It was surely sometime in the 1990s when I last attended a meeting of the Harpooners of the Sea Unicorn, the Sherlockian society of St. Charles, Missouri. St. Charles might be called a suburb of St. Louis, but it's also a picturesque river town all its own, so it was a great place for the good Carter and I to make a weekend getaway back when my first visit occurred.
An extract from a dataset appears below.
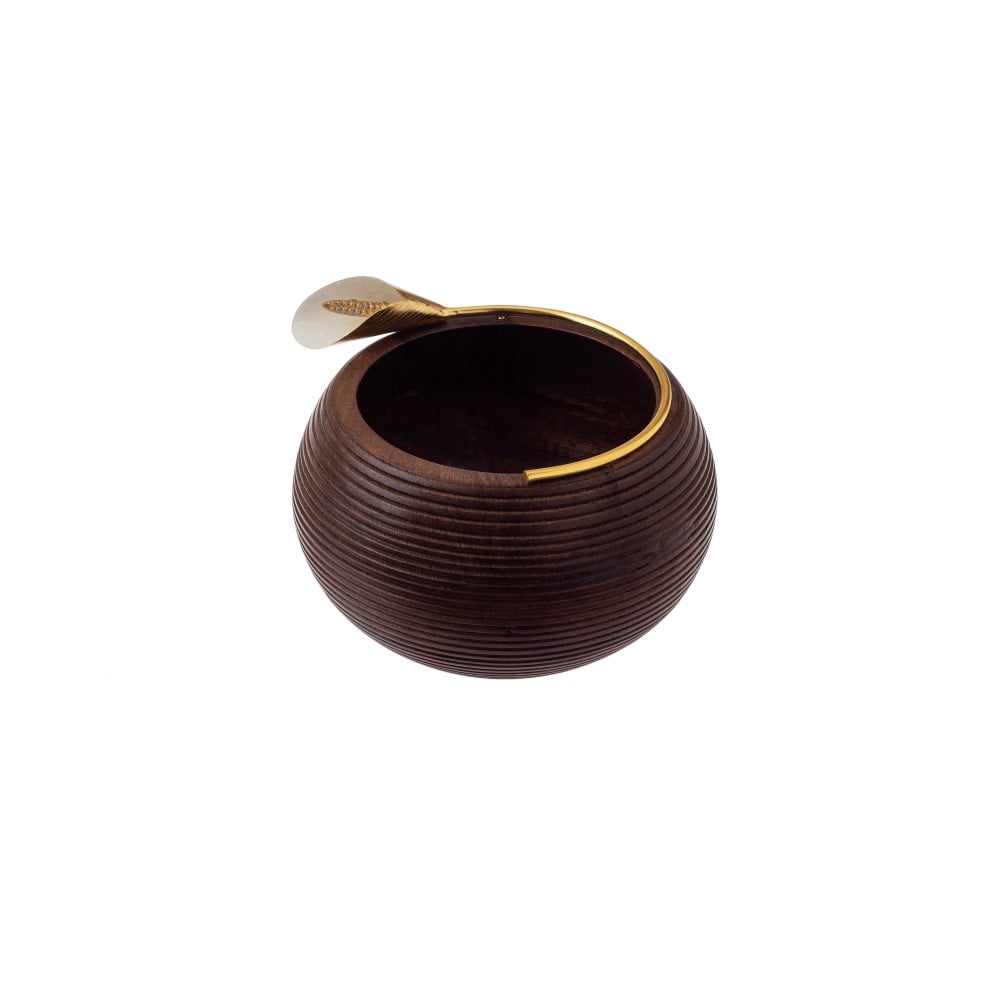 زبدية تقديم خشب هندي بروش وردة ذهبي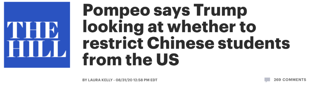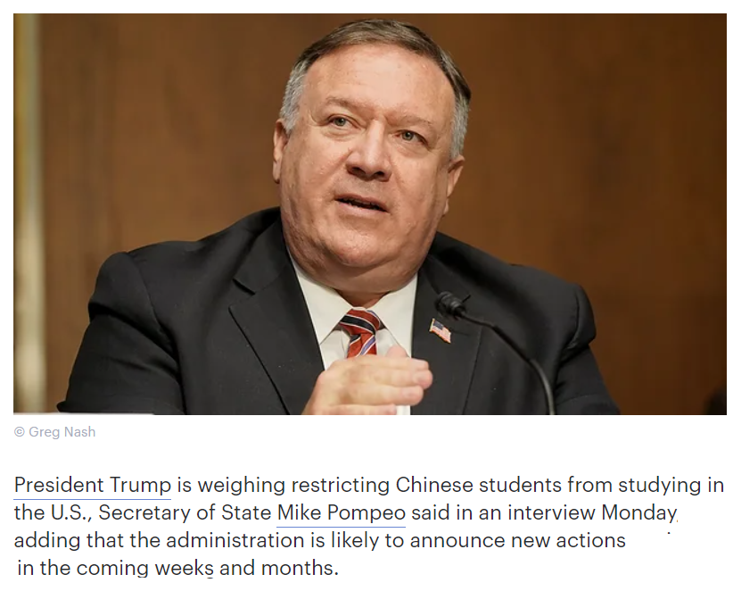 根据美国媒体国会山报道,蓬佩奥表示,美国方面将要限制中国学生赴美,甚至取消部分已获得的学生签证。

Tonight was my second Harpooners meeting, and you know why: Zoom connectivity. Some of the same faces we saw in the nineties were still there, their "Blue Whale" Michael Bragg among them. J. Andrew Basford ran a good meeting, and it reminded me very much of the local meetings we used to have in Peoria: Toasts, some current news, a presentation on the story of the evening and some discussion of it. Probably similar to many a Sherlockian society, but being back to doing in on a Friday night at 7 PM Central Time, the time when Peoria's own Hansoms of John Clayton would meet on the third Friday of every month . . . it really brought a very familiar vibe that hadn't hit me on Zoom meetings just yet.
A good many go for the middle of the day on weekends, to expand their time zone reach, if they weren't doing that already. The evening meeting definitely cuts down on faraway attendees. But even though the Harpooners did get one Canadian this time, and the two fellows you see everywhere these days, Steve Mason and Rich Krisciunas (not complaining, guys, you are enriching things wherever you go), there was still a distinctly local feel to it. Maybe because almost everybody was familiar to me, being just a few hours away, maybe due to their familiarity with each other.
It made me start to wonder if this might be the time to revitalize Peoria's old group, in this time when a few ringers can add to the local crowd via our new practice. But would a new version of our old local group add anything new to the mix we're seeing now? There are already an embarrassment of riches for the Zoom-happy Sherlockian, and most of us can't keep up as it is.
But I seem to learn something new from every group I visit, and the fourteen who gathered for tonight's Harpooners meeting were no exception. And such meetings always make me wonder where we're going in the future as Sherlockians. The Harpooners still have hopes to go back to in-person soon. But this "new normal" probably won't disappear when that day does come for many a function. And we may start to have groups with a "local" feel that are composed of people who are from all over the world.
"It was the best of times, it was the worst of time," the famous first line goes, and I'm starting to see how that might work.